A fama de Mojica nos EUA ainda existe ou o Coffin Joe já foi esquecido por lá?
AB: Claro que existe, tanto que Tim Burton veio ao Brasil e só queria duas coisas: ver o Carnaval e conhecer Coffin Joe.
Filmes e romances de gênero costumam ser vistos como "menores" por parte da crítica - e Mojica, com seus filmes de terror extravagantes, foi vítima desse preconceito.
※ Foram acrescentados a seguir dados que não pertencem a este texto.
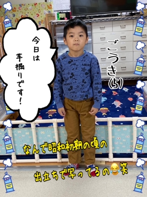 君は賢い!! 2021.10.132020.11.12 今日は通ってる幼稚園で芋掘り🍠をする予定のごうちゃん🙄 先生から汚れても良い服を着てくるように言われたので『土は茶色だから、このズボンなら汚れても目立たないよね‼️』と自分で洋服をセットアップ👕 ももさんの返事は当然のごとく「目一杯!掘ってきて。アップル🍎の子どもの分もだよー」とごうちゃんに指令を出しました😊 が… 芋が小さすぎて園で食べる分しか無かったそうです😂 芋ざんまいの献立が…😂笑 当てが外れちゃったなぁ🤷♂️

Por que isso é um erro?
AB: Acho que a história do cinema está cheia de exemplos de filmes de terror que viraram clássicos, do “Nosferatu” de Murnau às histórias de Drácula e Frankenstein produzidas pela Universal nos anos 30. O cinema noir americano tem muito de mistério também. Reduzir a importância de um gênero é uma besteira, seria como dizer que Edgar Allan Poe era mau escritor ou que Goya era um pintor vagabundo.
Mojica é o maior cineasta do Brasil?
AB: Perguntas assim são muito pessoais, mas, na minha opinião e para meu gosto, ele é o maior cineasta que o Brasil já teve. Não conheço um filme brasileiro tão forte, transgressor e impressionante quanto “Ritual dos Sádicos / Despertar da Besta”.
Bonus-track: Sei que não estamos no seu blog e vc responde se quiser, mas off-topic: Barulho vai ser relançado? Quando? Muito obrigado.
AB: Vai sim, pela Darkside. Não sei se em 2016 ou ano que vem. Estou lançando pela mesma editora a biografia do João Gordo, que deve sair em agosto.